__WORK INSTRUCTION__: Go through the records below and return each line that has "this" in it.
[[ DATA TO EXAMINE, beginning ]]
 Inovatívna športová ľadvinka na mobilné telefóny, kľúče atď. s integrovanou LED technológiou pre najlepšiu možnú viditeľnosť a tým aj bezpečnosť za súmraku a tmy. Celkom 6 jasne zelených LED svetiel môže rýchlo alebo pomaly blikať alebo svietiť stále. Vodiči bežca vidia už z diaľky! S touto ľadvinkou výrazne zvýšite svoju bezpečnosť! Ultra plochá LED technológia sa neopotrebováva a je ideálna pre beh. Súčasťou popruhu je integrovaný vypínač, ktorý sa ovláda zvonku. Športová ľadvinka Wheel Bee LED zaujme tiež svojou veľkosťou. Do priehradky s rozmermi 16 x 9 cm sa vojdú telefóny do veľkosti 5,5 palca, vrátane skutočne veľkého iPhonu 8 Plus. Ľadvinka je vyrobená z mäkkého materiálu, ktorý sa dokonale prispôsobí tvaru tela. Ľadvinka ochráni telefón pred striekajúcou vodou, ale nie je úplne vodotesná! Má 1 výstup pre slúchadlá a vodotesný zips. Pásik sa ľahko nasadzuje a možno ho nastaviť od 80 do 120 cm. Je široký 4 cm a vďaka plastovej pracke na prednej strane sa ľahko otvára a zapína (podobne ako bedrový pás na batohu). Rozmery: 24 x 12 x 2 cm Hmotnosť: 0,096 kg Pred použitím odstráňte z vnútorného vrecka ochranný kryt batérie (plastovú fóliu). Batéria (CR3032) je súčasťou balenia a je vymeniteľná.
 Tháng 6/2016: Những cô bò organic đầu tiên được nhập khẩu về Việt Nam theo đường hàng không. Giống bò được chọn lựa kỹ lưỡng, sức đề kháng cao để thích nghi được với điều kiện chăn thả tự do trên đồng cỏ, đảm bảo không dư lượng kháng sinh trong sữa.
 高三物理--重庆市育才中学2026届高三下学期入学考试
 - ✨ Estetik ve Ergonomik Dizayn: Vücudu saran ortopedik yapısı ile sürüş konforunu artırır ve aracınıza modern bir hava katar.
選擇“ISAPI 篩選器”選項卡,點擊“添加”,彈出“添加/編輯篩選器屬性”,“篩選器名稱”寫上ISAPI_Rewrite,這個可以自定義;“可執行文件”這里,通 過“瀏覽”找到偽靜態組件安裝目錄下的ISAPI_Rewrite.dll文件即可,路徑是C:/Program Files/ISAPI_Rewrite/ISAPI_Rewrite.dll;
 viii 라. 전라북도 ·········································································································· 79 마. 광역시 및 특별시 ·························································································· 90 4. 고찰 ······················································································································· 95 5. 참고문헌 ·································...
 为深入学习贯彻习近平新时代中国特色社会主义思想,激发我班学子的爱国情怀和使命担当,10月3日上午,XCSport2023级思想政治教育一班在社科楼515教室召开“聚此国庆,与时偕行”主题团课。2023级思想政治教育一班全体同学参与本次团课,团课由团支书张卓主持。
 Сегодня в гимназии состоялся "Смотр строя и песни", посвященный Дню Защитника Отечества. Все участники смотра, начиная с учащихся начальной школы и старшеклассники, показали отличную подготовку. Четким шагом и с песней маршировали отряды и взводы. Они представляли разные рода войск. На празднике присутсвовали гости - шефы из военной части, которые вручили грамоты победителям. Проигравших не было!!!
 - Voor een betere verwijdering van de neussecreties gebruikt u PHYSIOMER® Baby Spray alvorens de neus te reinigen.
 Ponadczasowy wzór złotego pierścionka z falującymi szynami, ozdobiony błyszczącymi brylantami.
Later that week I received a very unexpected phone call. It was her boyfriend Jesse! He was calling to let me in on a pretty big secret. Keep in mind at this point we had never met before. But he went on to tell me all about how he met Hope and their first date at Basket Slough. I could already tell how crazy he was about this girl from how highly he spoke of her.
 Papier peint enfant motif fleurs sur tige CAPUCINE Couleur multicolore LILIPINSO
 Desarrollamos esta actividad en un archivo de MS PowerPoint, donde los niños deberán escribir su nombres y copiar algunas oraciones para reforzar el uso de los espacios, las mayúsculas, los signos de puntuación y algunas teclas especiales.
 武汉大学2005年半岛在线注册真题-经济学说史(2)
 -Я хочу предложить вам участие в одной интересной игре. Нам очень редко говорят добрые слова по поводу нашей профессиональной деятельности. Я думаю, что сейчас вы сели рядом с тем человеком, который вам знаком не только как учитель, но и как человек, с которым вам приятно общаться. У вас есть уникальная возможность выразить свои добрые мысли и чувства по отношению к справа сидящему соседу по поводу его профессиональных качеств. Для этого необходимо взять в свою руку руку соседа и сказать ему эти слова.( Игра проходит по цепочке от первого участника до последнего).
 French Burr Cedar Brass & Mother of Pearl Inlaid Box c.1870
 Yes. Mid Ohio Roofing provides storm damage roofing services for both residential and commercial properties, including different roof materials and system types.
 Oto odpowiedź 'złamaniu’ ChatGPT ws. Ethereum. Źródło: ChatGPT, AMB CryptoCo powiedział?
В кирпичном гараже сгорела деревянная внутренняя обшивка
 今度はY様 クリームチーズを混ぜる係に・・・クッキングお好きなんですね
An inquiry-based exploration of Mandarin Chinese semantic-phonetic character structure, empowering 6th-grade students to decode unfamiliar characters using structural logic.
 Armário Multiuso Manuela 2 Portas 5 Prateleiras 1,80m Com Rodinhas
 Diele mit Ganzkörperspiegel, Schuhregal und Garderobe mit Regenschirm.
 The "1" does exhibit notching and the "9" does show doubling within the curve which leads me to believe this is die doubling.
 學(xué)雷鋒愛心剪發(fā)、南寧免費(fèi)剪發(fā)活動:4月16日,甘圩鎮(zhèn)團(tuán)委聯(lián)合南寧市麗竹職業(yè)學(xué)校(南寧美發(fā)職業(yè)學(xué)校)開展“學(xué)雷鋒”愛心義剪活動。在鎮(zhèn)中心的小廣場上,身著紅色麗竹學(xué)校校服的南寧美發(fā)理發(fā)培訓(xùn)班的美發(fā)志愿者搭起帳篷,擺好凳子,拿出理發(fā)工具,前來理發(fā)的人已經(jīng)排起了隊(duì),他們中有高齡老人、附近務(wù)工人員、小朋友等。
[[ DATA TO EXAMINE, end ]]
__RESPONSE TO THE TASK__:
Later that week I received a very unexpected phone call. It was her boyfriend Jesse! He was calling to let me in on a pretty big secret. Keep in mind at this point we had never met before. But he went on to tell me all about how he met Hope and their first date at Basket Slough. I could already tell how crazy he was about this girl from how highly he spoke of her.
 The "1" does exhibit notching and the "9" does show doubling within the curve which leads me to believe this is die doubling.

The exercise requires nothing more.